Culture and Heritage Mauritius


Modern life and the old buildings harmoniously blend past and presents well as traditions and modern technology. 

Monuments, Buildings and Statues

The impressive Place D' Armes Avenue in Port Louis, guides visitors into the city decorated with statues of various figures in Mauritian History and leads to the 18th Century French Colonial buildings of Government House.

Along a cultural itinerary in Port Louis, one can see the Theatre of Port-Louis built in the 19th century and known as being the oldest of the region. Further up, the Champ de Mars is a very popular racetrack, the oldest in the southern hemisphere and the second oldest race club in the world after the English Jockey Club. It has often been associated with national and political events since the official flag-raising ceremony in 1968 marking the independence of the country.


The Aapravasi Ghat Immigration Depot is a UNESCO World Heritage site. It is the only surviving remnant of an immigration depot typical of depots established in the second half of the nineteenth century to welcome indentured labourers. 

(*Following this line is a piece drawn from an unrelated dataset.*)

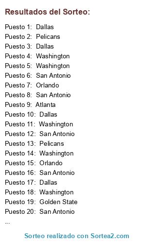 Lista de participantes: Pistons, San Antonio, Portland, San Antonio, Washington, Dallas, Dallas, Pelicans, Pelicans, Orlando, Golden State, Dallas, Portland, Dallas, Golden State, Pelicans, Philadelphia, Atlanta, Philadelphia, Orlando, Lakers, Pelicans, Atlanta, Pelicans, Golden State, Dallas, Golden State, Atlanta, Washington, Washington, Washington, Atlanta, Atlanta, Pelicans, Pelicans, Dallas, Atlanta, Pelicans, Golden State, Dallas, San Antonio, Pelicans, Atlanta, Golden State, Pelicans, Golden State, Lakers, Washington, Dallas, Orlando, Dallas, Dallas, Washington, Orlando, Utah, Pelicans, Dallas, Utah, Washington, Golden State, Washington, San Antonio, Washington, Orlando, Dallas, Utah, Dallas, San Antonio, Dallas, Atlanta, Orlando, Lakers, Atlanta, Dallas, Pelicans, Lakers, Dallas, Dallas, Pelicans, Dallas, Dallas, Atlanta, Golden State, Lakers, Philadelphia, San Antonio, Atlanta, San Antonio, Washington, Utah, San Antonio, Golden State, San Antonio, Atlanta, Golden State, Orlando, Orlando, Lakers, Golden State, Golden State, Pelicans, Atlanta, Atlanta, Pelicans, Pelicans, Atlanta, Atlanta, Atlanta, San Antonio, Dallas, San Antonio, Philadelphia, Philadelphia, Indiana, San Antonio, Orlando, Atlanta, Golden State, Atlanta, Dallas, Portland, Pelicans, San Antonio, San Antonio, Philadelphia, Golden State, Washington, Pistons, Atlanta, Washington, Washington, Philadelphia, Pelicans, Dallas, Lakers, Orlando, Pelicans, Golden State, Atlanta, Orlando, Pelicans, Atlanta, Atlanta, Dallas, Philadelphia, Atlanta, Golden State, Pelicans, Pelicans, Lakers, San Antonio, Pelicans, Golden State, Atlanta, Washington, Washington, Dallas, Dallas, Pelicans, Dallas, Washington, Washington, Dallas, Pelicans, Orlando, Orlando, Washington, Philadelphia, Atlanta, Washington, Pelicans, Atlanta, Golden State, Atlanta, Pelicans, Golden State, Pelicans, Atlanta, Pelicans, Dallas, Atlanta, Pelicans, Golden State, Pelicans, San Antonio, Washington, San Antonio, Atlanta, Washington, San Antonio, Orlando, Pelicans, Atlanta, Pelicans, Orlando, San Antonio, Atlanta, Lakers, Philadelphia, Dallas, San Antonio, San Antonio, Dallas, Pelicans, Washington, San Antonio, Golden State, Pelicans, Washington, Atlanta, Washington, San Antonio, Lakers, Washington, Golden State, Washington, Pelicans, Philadelphia, Washington, Pelicans, Washington, Utah, Golden State, Golden State, Golden State, Washington, Dallas, Indiana, San Antonio, Portland, Atlanta, Dallas, Orlando, Philadelphia, San Antonio, Dallas, Indiana, Atlanta, Philadelphia, San Antonio, San Antonio, Utah, Philadelphia, Pistons, Washington, Lakers, Golden State, Golden State, Orlando, Atlanta, Golden State, Pelicans, Dallas, Orlando, Washington, San Antonio, Atlanta, Dallas, Pelicans, Washington, Dallas, Orlando, Lakers, Washington, Atlanta, Washington, Philadelphia, Atlanta, Dallas, Dallas, Golden State, Orlando, Lakers, Washington, Pelicans, San Antonio, Dallas, Pelicans, Philadelphia, Philadelphia, San Antonio, Atlanta, Washington, Orlando, Portland, Indiana, Orlando, Dallas, San Antonio, Washington, Washington, Orlando, Lakers, Dallas, San Antonio, Atlanta, Lakers, Atlanta, Lakers, Washington, Atlanta, Washington, Golden State, Golden State, Portland, New York, Dallas, Lakers, Pelicans, Pelicans, Philadelphia, Golden State, Pelicans, San Antonio, Atlanta, Pelicans, Dallas, Orlando, Golden State, Indiana, Philadelphia, Lakers, Golden State, San Antonio, San Antonio, Washington, Pelicans, Portland, Dallas, San Antonio, Washington, Atlanta, Atlanta, Pelicans, Philadelphia, Washington, Philadelphia, Golden State, Philadelphia, Dallas, Orlando, Philadelphia, Pelicans, Pelicans, Washington, Dallas, Atlanta, Atlanta, Pelicans, Orlando, Washington, Washington, Golden State, Pelicans, Atlanta, Philadelphia, San Antonio, Golden State, New York, Washington, Lakers, Indiana, Atlanta, Orlando, Lakers, Pelicans, New York, Pelicans, Dallas, Pelicans, Pelicans, Atlanta, Dallas, Dallas, Atlanta, Dallas, Portland, Golden State, Orlando, Golden State, Golden State, Atlanta, Washington, Utah, Dallas, Atlanta, Orlando, Portland, Golden State, Dallas, San Antonio, Washington, New York, Atlanta, San Antonio, Pelicans, Atlanta, Pelicans, San Antonio, Golden State, Dallas, Dallas, Atlanta, Pelicans, Orlando, Dallas, Washington, Dallas, Golden State, Washington, Indiana, Golden State, Washington, Atlanta, Indiana, Atlanta, New York, Atlanta, San Antonio, San Antonio, Pelicans, Lakers, Washington, Dallas, Washington, Pelicans, Lakers, Pelicans, Golden State, Washington, San Antonio, Dallas, Pelicans, Pelicans, Portland, Golden State, Philadelphia, Orlando, San Antonio, Washington, Golden State, Golden State, Washington, Atlanta, Atlanta, Philadelphia, Golden State, Lakers, Atlanta, Dallas, Indiana, Dallas, San Antonio, Pelicans, Washington, Orlando, Golden State, Washington, Dallas, Lakers, Dallas, Dallas, Golden State, Dallas, Pelicans, Portland, Orlando, Pelicans, Pelicans, San Antonio, Lakers, San Antonio, Washington, Washington, Lakers, Atlanta, Golden State, Pelicans, Dallas, Pelicans, Washington, Golden State, Pelicans, San Antonio, Indiana, Dallas, Dallas, Indiana, Indiana, San Antonio, Utah, San Antonio, Dallas, Golden State, Philadelphia, Philadelphia, Orlando, Dallas, Atlanta, Dallas, Dallas, Orlando, Washington, Pelicans, Pelicans, Atlanta, Pelicans, Washington, Pelicans, Pelicans, Dallas, San Antonio, Washington, Golden State, Golden State, Atlanta, Dallas, Portland, Atlanta, Atlanta, Atlanta, Washington, Portland, Philadelphia, San Antonio, Golden State, Dallas, Pelicans, Washington, Dallas, Dallas, Golden State, Golden State, San Antonio, San Antonio, Pelicans, Atlanta, Pelicans, Atlanta, Washington, Pelicans, Atlanta, Pelicans, Golden State, Golden State, Atlanta, San Antonio, New York, Washington, Atlanta, Indiana, Philadelphia, Dallas, Pelicans, Pelicans, Dallas, Dallas, Orlando, San Antonio, Atlanta, Dallas, Dallas, Dallas, Washington, Golden State, Golden State, Dallas, O

Most Mauritians trace the arrival of their forbears from this site, which welcomed over half a million immigrants between 1834 and the 1920s. It holds immense symbolical value for Mauritians and the official commemoration of the arrival of indentured labourers is held at this site every 2nd of November. 

The indenture system became the seat of the “Great Experiment” whereby the British would try to show the world that the labour of free men and women rather than slave labour would be more effective. Because the experiment proved to be successful in British terms, it was replicated in other British colonies as well as in French, Dutch and Spanish colonies. Over two million people were eventually transported to the colonies from Asia and Africa.

Le Morne Cultural Landscape - UNESCO WORLD HERITAGE SITE

Besides being a splendid and breathtaking landscape, which deserves a visit, Le Morne holds great importance in the history and memory of Mauritius. Immersed in the history of slavery, Le Morne is also a symbol of resistance to slavery and has become a focal point for commemorating the Abolition of slavery in Mauritius. The mountain and its surrounding landscape hold a sacredness that is ardently venerated not only by some slave descendant communities, but also by many other stakeholders, who cherish the relatively unspoiled landscape and the powerful aura that the mountain exudes.

Le Morne is today a rallying point for Mauritians from all walks of life who are deeply concerned about the country‘s heritage in terms of its history, its culture as well as the natural environment that is becoming an increasingly rare and valuable commodity. It has thus become an emblem of national consciousness in terms of history, memory and identity. 

The Final Nomination Dossier and the Draft Management of Le Morne has been inscribed to UNESCO's World Heritage list.


Take the time to discover the spirit and the different facets of the island through its museums. Each one of them has its specificity to appeal to your field of interest. Mauritius offers a variety of Museums – History Museum, Tea Museum, Postal Museum, Photography Museum, Maritime Museum and wood museum.

National Museums:

The Natural History Museum, Port-Louis

A classified building in the list of historical monuments, displaying land and marine species and also a Dodo skeleton as well as images of other extinct or endangered species.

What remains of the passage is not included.